The most important thing is to live in such a way that one does not have to be angry with oneself

A photo of that time
A photo of that time
photo: archive of the witness

Věra Doušová was born on June 8, 1947 in Prague to Věra and Josef Molzer. She studied psychology and sociology at the Faculty of Arts, Charles University, where she was also taught by Jiřina Šiklová. Already at that time they became friends and Věra Doušová considers her one of the most important people of her life. They distributed samizdat literature together, Věra Doušová was accepting large shipments from France for several years. After an unsuccessful attempt to emigrate, she started working as an interpreter and economist at the Czechoslovak Amusement Park, with which she traveled around the Soviet Union in the late 1980s. Thanks to her excellent knowledge of Russian and the Russian environment, Václav Havel asked her in 1990 to help them relocate Volhynian Czechs from the Chernobyl area. Later, she started organizing the International Expatriate Festival.
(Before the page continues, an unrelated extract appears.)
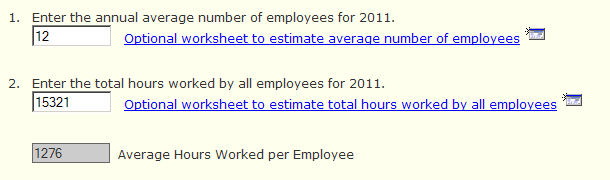 Additionally, the average hours worked per employee field was gray-filled to indicate that it is read only.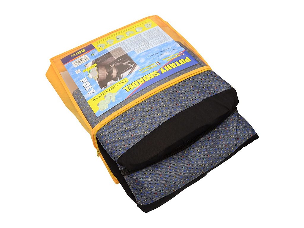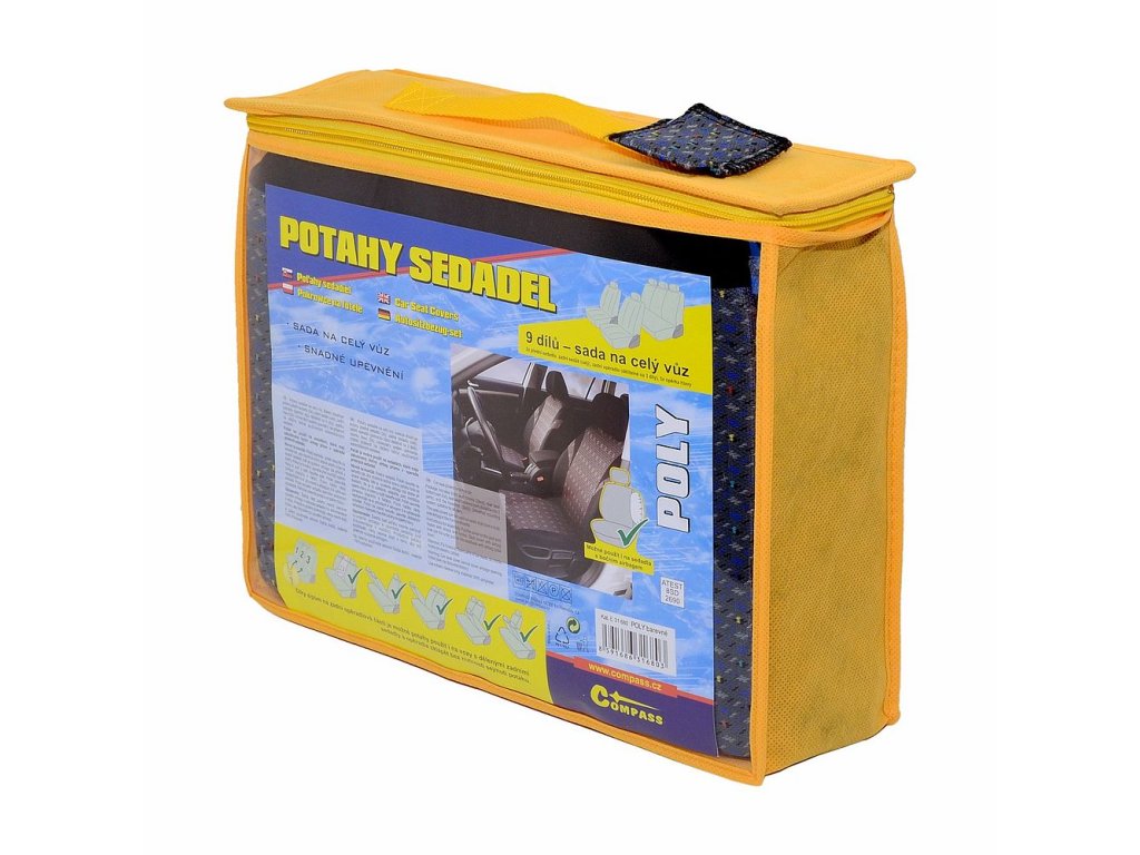 Potahy sedadel "POLY", sada na celý vůz. Lze připevnit na většinu běžně používaných automobilových sedadel. Potah lze použít na sedadlech, která mají zabudovaný boční airbag přímo v opěradle předních sedadel. Balení obsahuje potah na přední sedadlo (2x), zadní sedák (celý), zadní opěradlo (pomocí zipu dělitelné na 3 díly), opěrku hlavy (5x). Díky zipům na zadní opěradlové části je možné potahy použít i na vozy s dělenými zadními sedadly a opěradla sklápět bez nutnosti sejmutí potahu.

She has always tried to help people at risk of social exclusion, people with disabilities and their families, and therefore in 1997 she founded the civic association Sedm paprsků. Together with her husband, they began to import compensatory aids from Scandinavia. She is the director of the Food Bank for Prague and the Central Bohemian Region. In 2018, she received the #laskavec award from the Karel Janeček Foundation for her work. She lived in Prague at the time of filming.